Retrieving stored fields from a running Solr
An easier solution to do this is based on querying your existing Solr whereby it retrieves all its stored fields and reindexes them on a new instance. Everyone can write their own script to achieve this, but wouldn't it be useful having a functionality like this out of the box inside Solr? This is the reason why the SOLR-1499 issue was created about two years ago. The idea was to have a new
EntityProcessor which retrieves data from another Solr instance using Solrj. Recently effort has been put into getting this feature committed to Solr's dataimport contrib module. Bugs have been fixed and test coverage has been increased.

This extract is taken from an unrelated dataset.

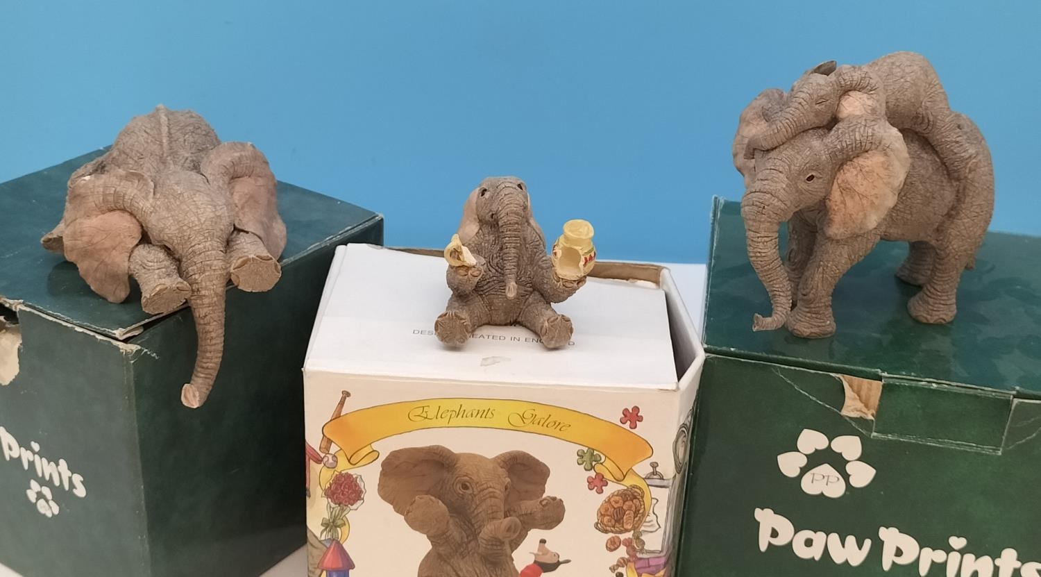 3 x Paw Print Tuskers Figures to include 'Humphrey', 'Tobias & Tich' and 'Nadia'. Tallest 12cm. 2 in Original Boxes.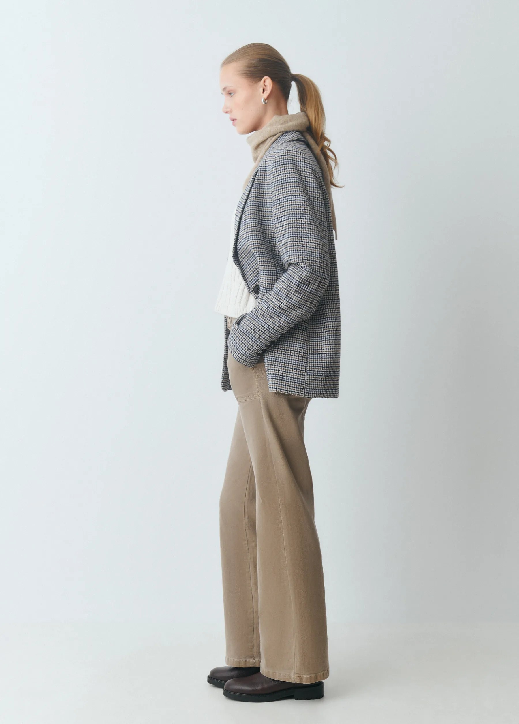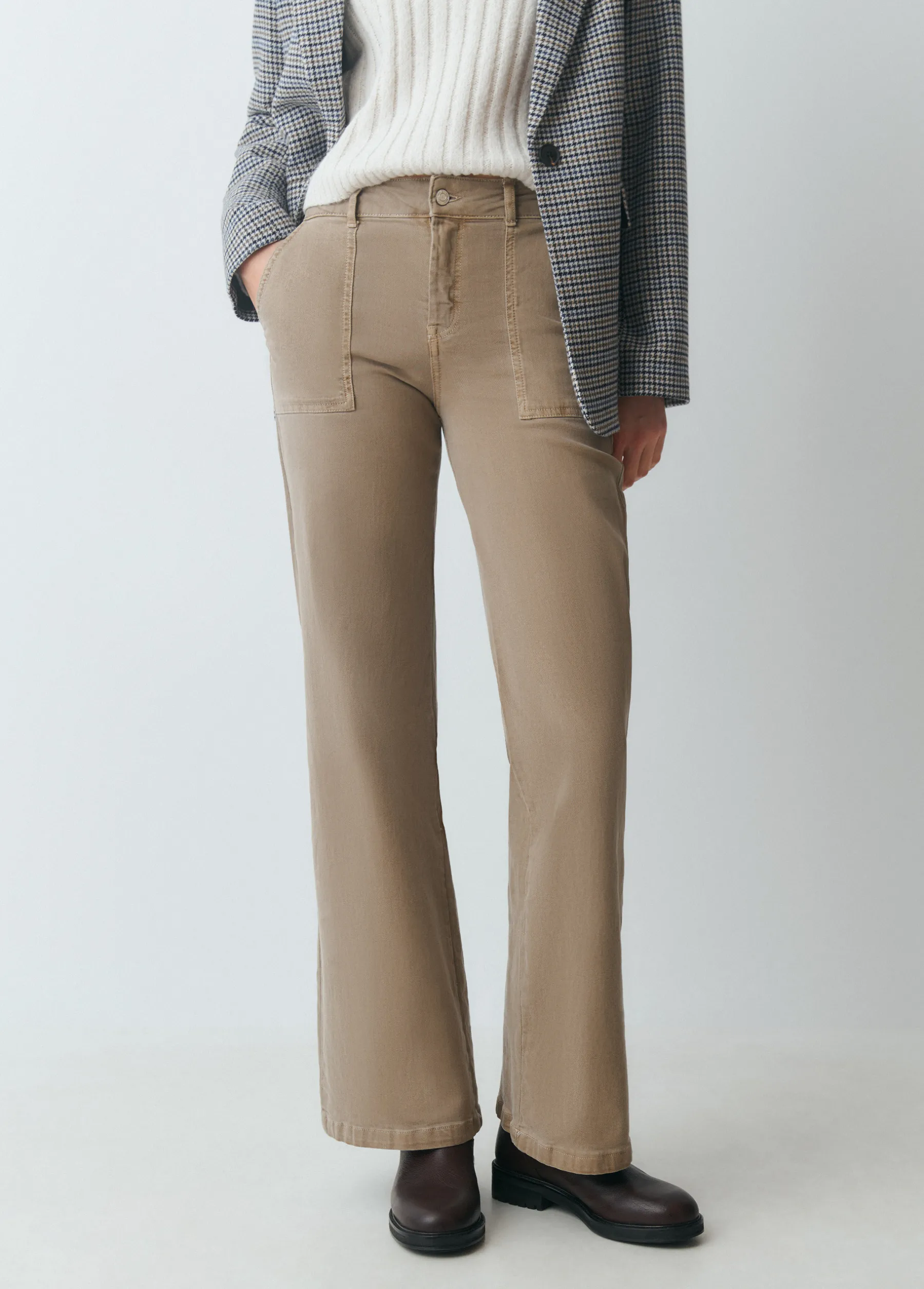 Pantalón culotte tiro medio con maxi bolsillos en la parte frontal. Cierre mediante cremallera y botón.

Hopefully this issue will get released with Solr 3.5.
Let's give it a try ourselves!
First of all we need to setup the Solr instance which will act as data source: we can use the standard Solr example as explained here. Then we need to setup the Solr instance on which we will import the data: until the feature will be committed, we need to checkout the trunk or the 3x branch. In this example we will checkout the second one and apply the latest SOLR-1499 patch to it.
Let's run the new Solr instance through ant:
ant run-example -Dexample.solr.home=example/example-DIH/solr/ -Dexample.jetty.port=8888
The patch itself contains a new example of Data Import Handler based on the new functionality, here is the configuration fragment for the request handler (solrconfig.xml):
<requesthandler class="org.apache.solr.handler.dataimport.DataImportHandler" name="/dataimport"> <lst name="defaults"> <str name="config">solr-data-config.xml</str> </lst> </requesthandler>
Note that the default value for the clean parameter is true; it means that before every import the index will be cleaned up; this is annoying, especially if you need to import data from multiple cores in different phases. Even the default values for the commit and optimize parameters are true, hence you might want to avoid committing or optimizing after every import as long as your index is big and you use the autocommit behaviour. So, the following fragment may be useful to specify our values and lock them down:
<lst name="invariants"> <str name="clean">false</str> <str name="commit">false</str> <str name="optimize">false</str> </lst>
This is an example of solr-data-config.xml containing the basic parameters: the url of the solr instance acting as source and the query to be executed.
<dataconfig> <document> <entity name="sep" processor="SolrEntityProcessor" query="*:*" url="http://localhost:8983/solr/"> </entity> </document> </dataconfig>
The following are some of the additional parameters you can configure:
- rows: number of rows to retrieve for every query, the default is 50;
- fields: the fl parameter to retrieve a certain subset of fields;
- timeout: the timeout for each query, the default is 5 minutes.
You can also specify one or more field elements inside the entity element if you need to transform them, for example changing field names to match a different schema. In the above example the fields from the source index are the same as in the target index, so we don't have to put in any fields in addition.
This blog entry has shown you how to reindex your data without involving all your external sources. You can proceed this way if all your fields are configured as stored. We are still working on this feature, hopefully the
SolrEntityProcessor will be included on the Solr 3.5 release.